A subclass map (subClassMap) is stored in order to verify an error of a subclass relationship (Class, SubClass). The subclass map (subClassMap) is used to identify the existence of logical errors and errors in the definition of class relations and constraint setting.

Here are some examples of rules for storing triples in a list. The following rules are exemplary, and the invention is not limited to any particular rule of storing triples.

1. Class Rules

Example) dq: golfEvent rdf: type owl: Class.

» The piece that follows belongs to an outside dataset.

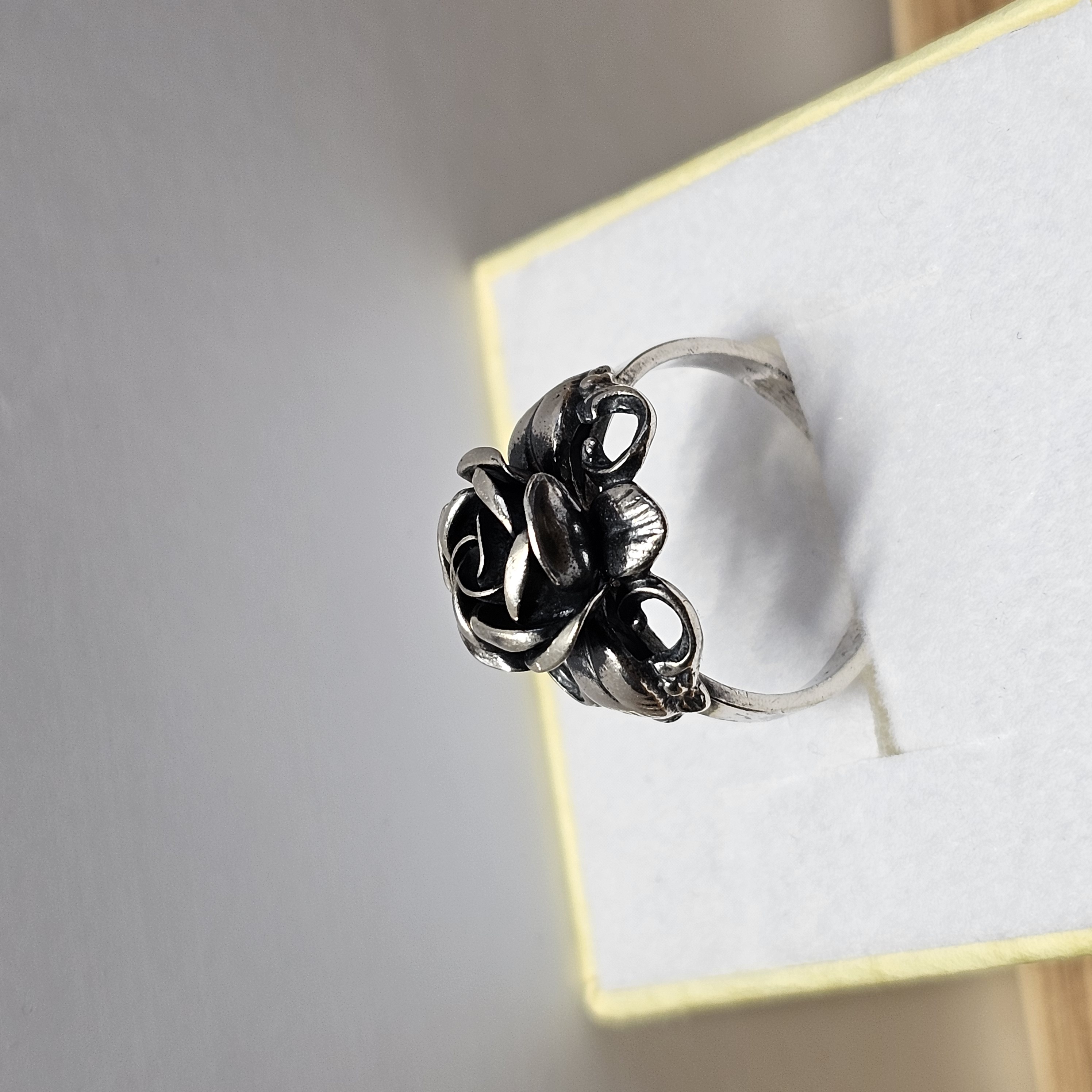 17,8 mm Nostalgischer Ring Teka Silber 925 Rose Blume Vintage elegant SR1318

If the predicate is rdf: type and the object is owl: Class, the dq: golfEvent corresponding to the subject is a class.

2. Property Rules

Example) dq: hasWhy rdfs: domain dq: Shot.

dq: hasWhy rdf: type owl: ObjectiveProperty.

dq: hasWhy rdfs: range dq: Why.

A domain, range, such as dq: hasWhy, and a subject with rdf: type of owl: ObjectiveProperty, are properties.

3. Instance Rules

Example) dq: Video00000558 rdf: type dq: CutefestivalEvent.

dq: CutefestivalEvent rdf: type owl: Class.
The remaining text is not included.